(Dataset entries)
──────

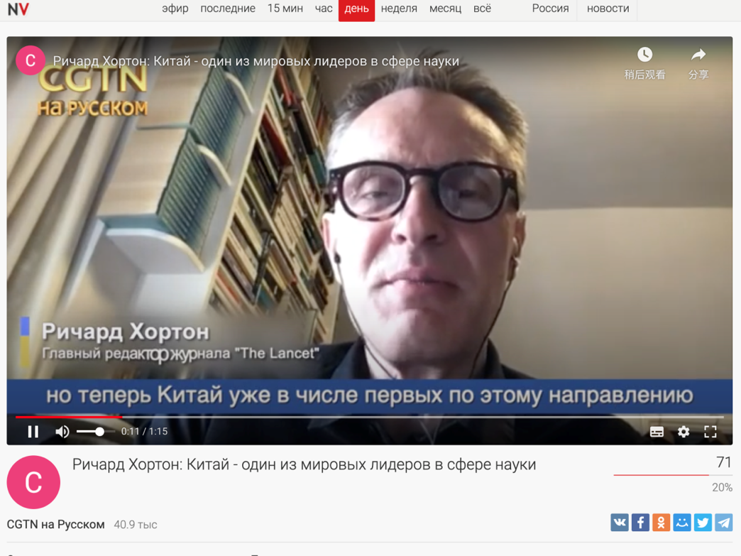 俄羅斯主流新聞網(wǎng)站newsvideo發(fā)布題為《〈柳葉刀〉總編霍頓:中國的科學(xué)發(fā)展已是世界領(lǐng)先水平》和《〈柳葉刀〉總編霍頓:中國的經(jīng)驗(yàn)是快速果斷的決策 中國有應(yīng)對SARS的經(jīng)驗(yàn)》的報(bào)道。報(bào)道稱,中國醫(yī)生和科學(xué)家作出了最為杰出的貢獻(xiàn),有一些國家的領(lǐng)導(dǎo)人批評中國,這是不公平的,也是錯(cuò)誤的,我們應(yīng)該感謝抗擊疫情的中國醫(yī)生和科學(xué)家!
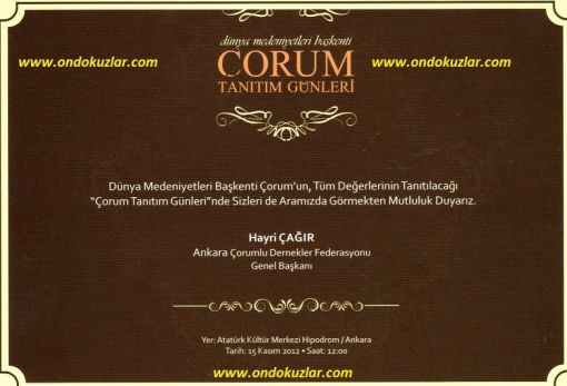 15-18 KASIM TARİHLERİNDE DÜZENLENEN ''DÜNYA MEDENİYETLER BAŞKENTİ ÇORUM''TANITIM ETKİNLİĞİNE TÜM HEMŞEHRİLERİMİZ,SİTE ZİYARETÇİLERİMİZ,ÜYELERİMİZ VE VATANDAŞLARIMIZ DAVETLİDİR.ANKARA DA YAŞAYAN VE MEMLEKET ÖZLEMİ ÇEKEN TÜM HEMŞEHRİLERİMİZİN KENDİLERİNDEN BİR ŞEYLER BULACAĞI,ÖZLEM GİDERECEĞİ,TANIŞMA VE KAYNAŞMANIN EN ÜST SEVİYEDE YAŞANACAĞI BU ETKİNLİĞİ KATILIM AYNI ZAMANDA DA ANKARA DA YAŞAYAN BİZLERİN NASIL BİR ARAYA GELEBİLDİĞİNİ GÖSTERMESİ VE VERİLECEK MESAJ ANLAMINDA ÇOK BÜYÜK ÖNEM TAŞIMAKTADIR.LÜTFEN KATILIMA ÖNEM VERELİM. |
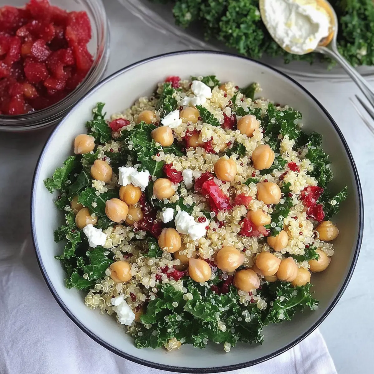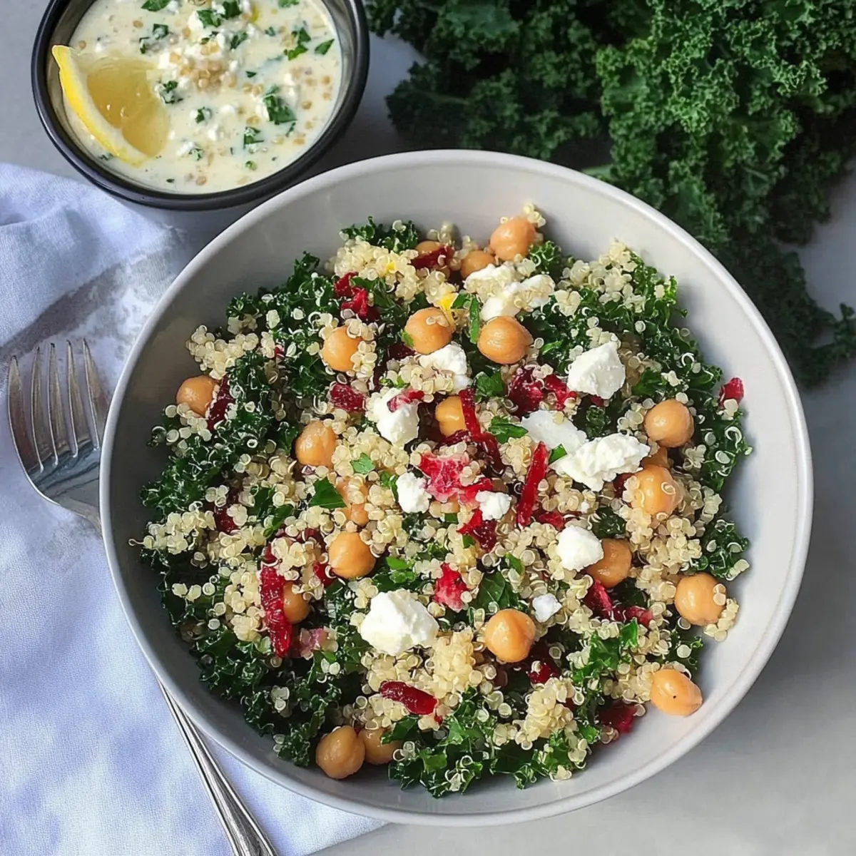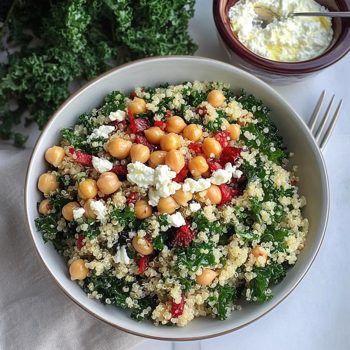 Vibrant, Flavorful Ingredients: This salad combines fresh kale, nutty quinoa, and crispy roasted chickpeas, creating a delightful mix of flavors.
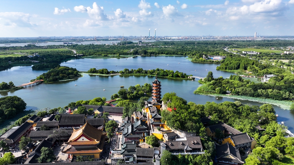At the Jinshan scenic area in Zhenjiang of Jiangsu province, the blue sky, white clouds, and shimmering lake recently created a breathtaking natural landscape. Visitors enjoyed the midsummer beauty by boating across the lake or strolling among the lotus leaves, making the most of the season.
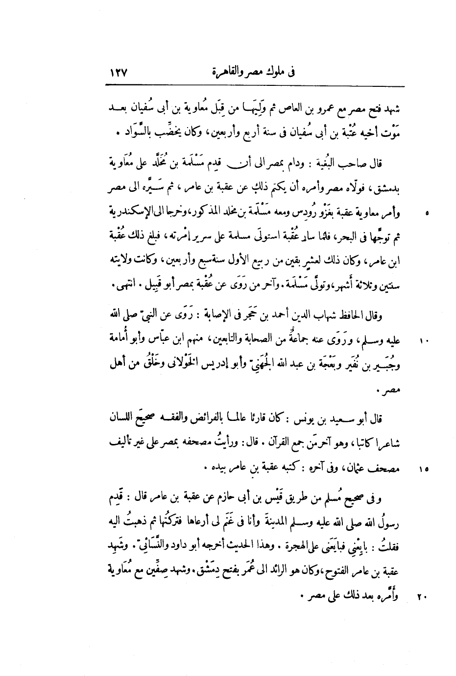 قال صاحب البغية: ودام بمصر إلى أن قدم مسلمة بن مخلد على معاوية بدمشق، فولاه مصر وأمره أن يكتم ذلك عن عقبة بن عامر، ثم سيره إلى مصر وأمر معاوية عقبة بغزو رودس ومعه مسلمة بن مخلد المذكور، وخرجا إلى الإسكندرية ثم توجها في البحر، فلما سار عقبة استولى مسلمة على سرير إمرته، فبلغ ذلك عقبة ابن عامر، وكان ذلك لعشرٍ بقين من ربيع الأول سنة سبع وأربعين، وكانت ولايته سنتين وثلاثة أشهر، وتولى مسلمة. وآخر من روى عن عقبة بمصر أبو قبيل. انتهى.
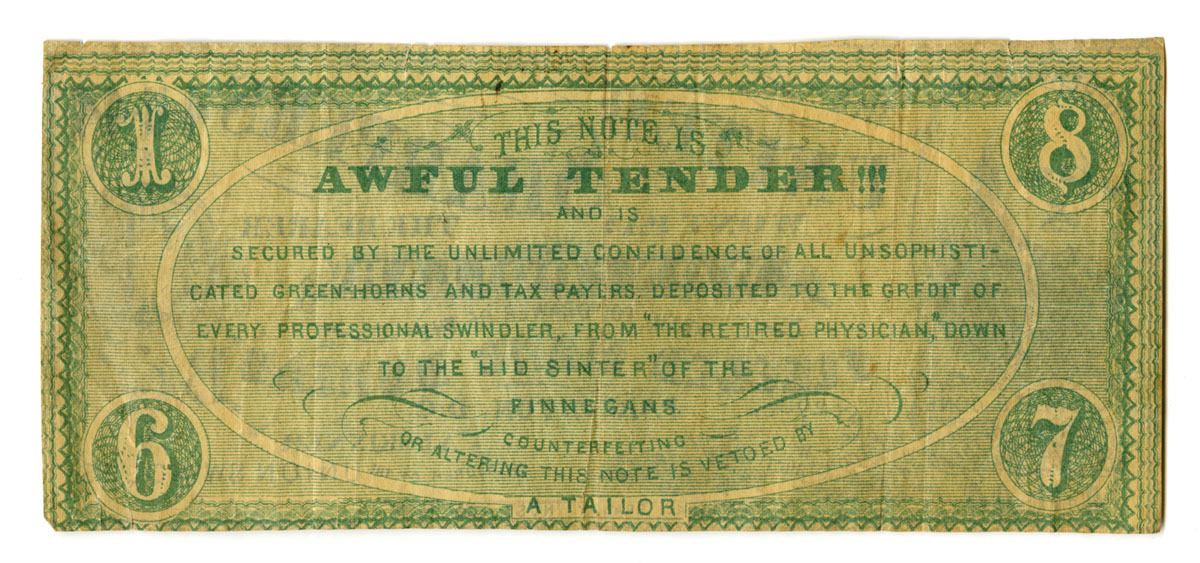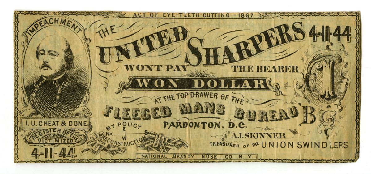 New York, 1867. Satirical political “banknote” styled as currency, reading “The United Sharpers Won’t Pay the Bearer Won Dollar at the Top Drawer of the Freed Man’s Bureau, Washington, D.C.” with caricature portrait of Union General Benjamin Butler with an extensive parody text referencing impeachment, Reconstruction, and federal agencies. Engraved in the style of contemporary banknotes, this piece was produced as political propaganda rather than legal tender and circulated as a handbill or keepsake during the impeachment crisis of 1867 to 1868. A striking example of Reconstruction-era political satire. Fine to VF condition.

──────

> WORK TASK: Return all the records exactly, excluding images.

> RESULT:
 俄羅斯主流新聞網(wǎng)站newsvideo發(fā)布題為《〈柳葉刀〉總編霍頓:中國的科學(xué)發(fā)展已是世界領(lǐng)先水平》和《〈柳葉刀〉總編霍頓:中國的經(jīng)驗(yàn)是快速果斷的決策 中國有應(yīng)對SARS的經(jīng)驗(yàn)》的報(bào)道。報(bào)道稱,中國醫(yī)生和科學(xué)家作出了最為杰出的貢獻(xiàn),有一些國家的領(lǐng)導(dǎo)人批評中國,這是不公平的,也是錯(cuò)誤的,我們應(yīng)該感謝抗擊疫情的中國醫(yī)生和科學(xué)家!
 15-18 KASIM TARİHLERİNDE DÜZENLENEN ''DÜNYA MEDENİYETLER BAŞKENTİ ÇORUM''TANITIM ETKİNLİĞİNE TÜM HEMŞEHRİLERİMİZ,SİTE ZİYARETÇİLERİMİZ,ÜYELERİMİZ VE VATANDAŞLARIMIZ DAVETLİDİR.ANKARA DA YAŞAYAN VE MEMLEKET ÖZLEMİ ÇEKEN TÜM HEMŞEHRİLERİMİZİN KENDİLERİNDEN BİR ŞEYLER BULACAĞI,ÖZLEM GİDERECEĞİ,TANIŞMA VE KAYNAŞMANIN EN ÜST SEVİYEDE YAŞANACAĞI BU ETKİNLİĞİ KATILIM AYNI ZAMANDA DA ANKARA DA YAŞAYAN BİZLERİN NASIL BİR ARAYA GELEBİLDİĞİNİ GÖSTERMESİ VE VERİLECEK MESAJ ANLAMINDA ÇOK BÜYÜK ÖNEM TAŞIMAKTADIR.LÜTFEN KATILIMA ÖNEM VERELİM. |
 Vibrant, Flavorful Ingredients: This salad combines fresh kale, nutty quinoa, and crispy roasted chickpeas, creating a delightful mix of flavors.
At the Jinshan scenic area in Zhenjiang of Jiangsu province, the blue sky, white clouds, and shimmering lake recently created a breathtaking natural landscape. Visitors enjoyed the midsummer beauty by boating across the lake or strolling among the lotus leaves, making the most of the season.
 قال صاحب البغية: ودام بمصر إلى أن قدم مسلمة بن مخلد على معاوية بدمشق، فولاه مصر وأمره أن يكتم ذلك عن عقبة بن عامر، ثم سيره إلى مصر وأمر معاوية عقبة بغزو رودس ومعه مسلمة بن مخلد المذكور، وخرجا إلى الإسكندرية ثم توجها في البحر، فلما سار عقبة استولى مسلمة على سرير إمرته، فبلغ ذلك عقبة ابن عامر، وكان ذلك لعشرٍ بقين من ربيع الأول سنة سبع وأربعين، وكانت ولايته سنتين وثلاثة أشهر، وتولى مسلمة. وآخر من روى عن عقبة بمصر أبو قبيل. انتهى.
 New York, 1867. Satirical political “banknote” styled as currency, reading “The United Sharpers Won’t Pay the Bearer Won Dollar at the Top Drawer of the Freed Man’s Bureau, Washington, D.C.” with caricature portrait of Union General Benjamin Butler with an extensive parody text referencing impeachment, Reconstruction, and federal agencies. Engraved in the style of contemporary banknotes, this piece was produced as political propaganda rather than legal tender and circulated as a handbill or keepsake during the impeachment crisis of 1867 to 1868. A striking example of Reconstruction-era political satire. Fine to VF condition.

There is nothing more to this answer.